Commercialization and the Open-Source Dilemma
The company's primary monetization channels are API call volume and custom model licensing. However, its current revenue is far below the level typically required to support a $71 billion valuation on public markets. Because DeepSeek prioritizes an open-source distribution model and a research-first approach, its long-term profitability model differs from Western competitors like OpenAI (valued at $300 billion) and Anthropic (valued at $200 billion). This gap between valuation and current revenue will be a key point of evaluation for public market investors during the 2027 IPO process.
How Does DeepSeek Manage Hardware Supply and Geopolitical Risk?
DeepSeek manages its infrastructure requirements by using chips from Huawei Technologies and investing in proprietary chip development to bypass U.S. semiconductor export controls.

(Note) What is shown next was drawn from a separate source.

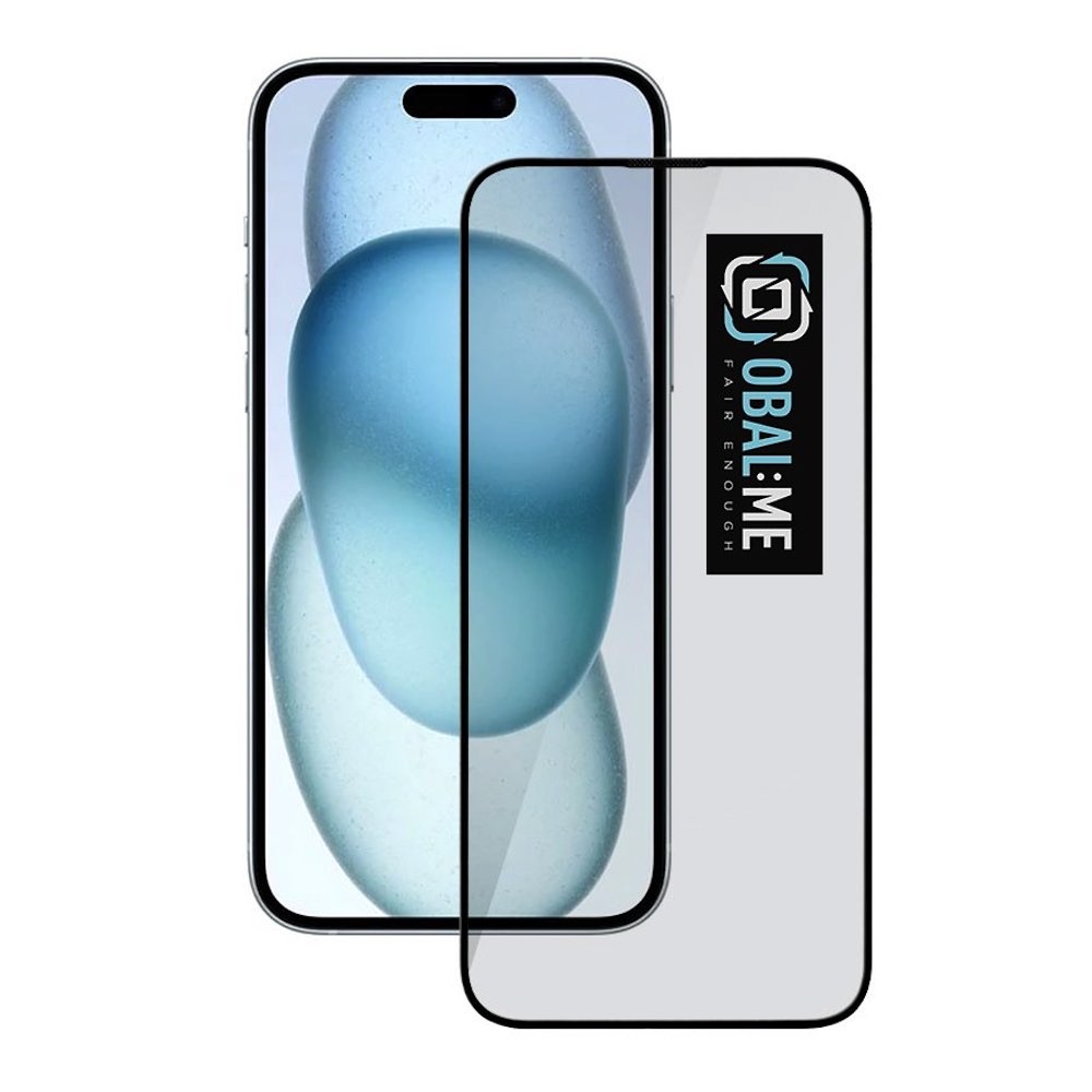 OBALME Tempered Glass Screen Protector 5D - обхващащо и ръбовете стъклено защитно покритие за дисплея на iPhone 15 Plus (черен-прозрачен)

This approach allows the company to maintain high-performance training runs without relying on high-end Nvidia hardware. To improve its long-term unit economics and eliminate supply-chain vulnerabilities, the company is actively developing its own custom silicon. This shift to in-house design aims to lower token delivery costs even further.

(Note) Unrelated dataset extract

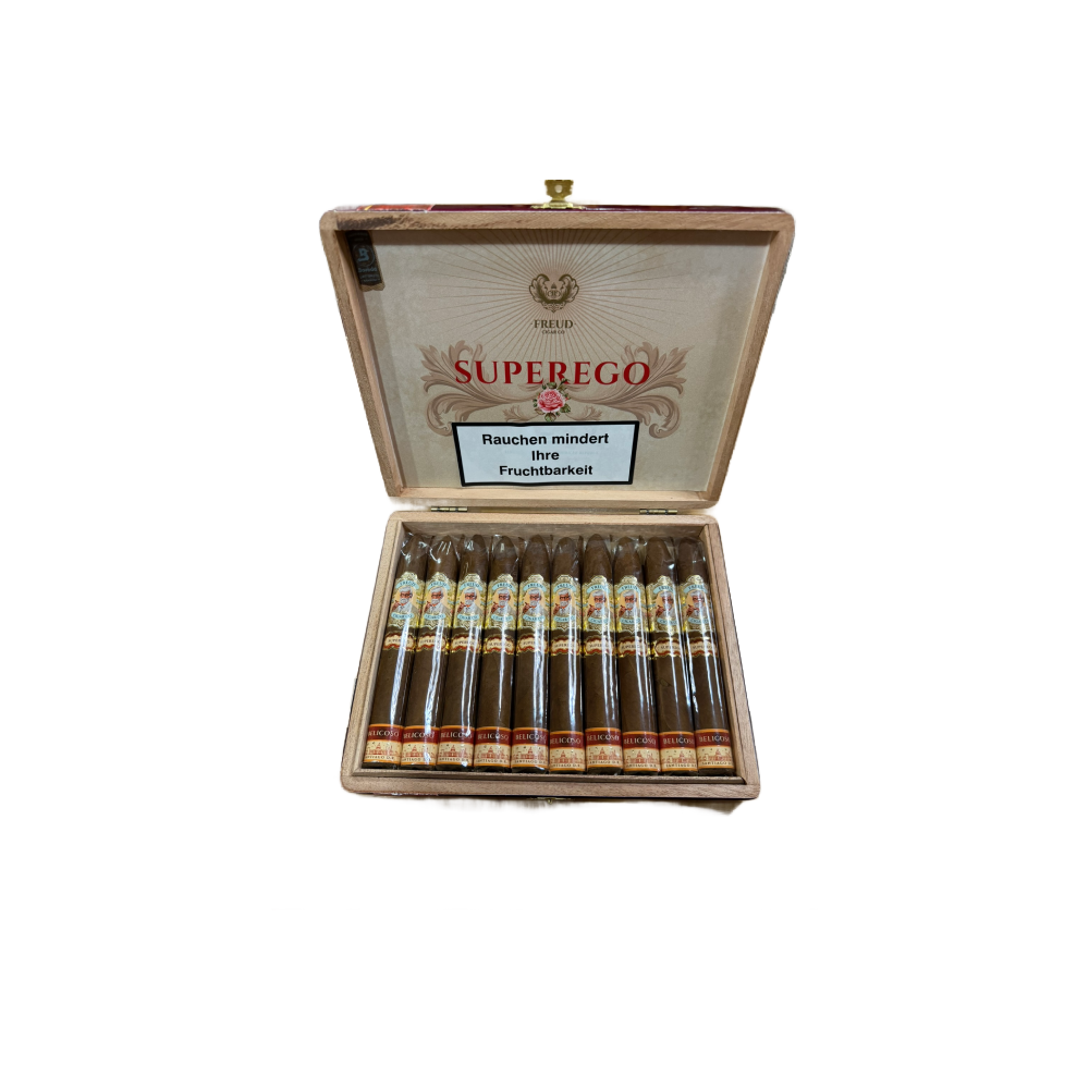 Die Freud – SuperEgo Belicoso steht für moderne Boutique-Zigarrenkunst mit klarer Linie und hohem Qualitätsanspruch. Sie ist Teil der SuperEgo-Serie der Marke Freud, die sich durch präzise Blends, sorgfältige Tabakauswahl und ein ausdrucksstarkes Design auszeichnet.

Geopolitical Strategy and Hardware Independence
By relying on local suppliers like Huawei, DeepSeek has demonstrated that competitive frontier models can be trained outside the ecosystem of Western hardware. This operational model directly challenges the assumption that U.S. export controls would prevent Chinese AI firms from building world-class models. The strategy reduces geopolitical operational risks, though it requires the company to dedicate significant engineering resources to optimize software for non-Nvidia architectures.
The Regulatory and Listing Options in China
Choosing between a mainland A-share listing and a Hong Kong listing carries distinct strategic implications. A mainland listing offers access to deep domestic capital pools and strong state support, aligning with China's national AI strategies. Conversely, a Hong Kong listing provides more international visibility and easier capital integration for global institutional investors. This decision will define how the firm manages regulatory oversight from Beijing while attempting to keep its global developer base intact.
Key Takeaways
- DeepSeek is preparing for a 2027 IPO in either Hong Kong or mainland China, with advisors working to complete audited financial statements by December 2026.
- The company's $71 billion valuation is supported by high market adoption, including a 23% share of tokens processed on Vercel in June, despite its limited current revenue.
- DeepSeek mitigates U.S. semiconductor export controls by using Huawei chips and designing its own proprietary silicon, demonstrating hardware independence in frontier AI development.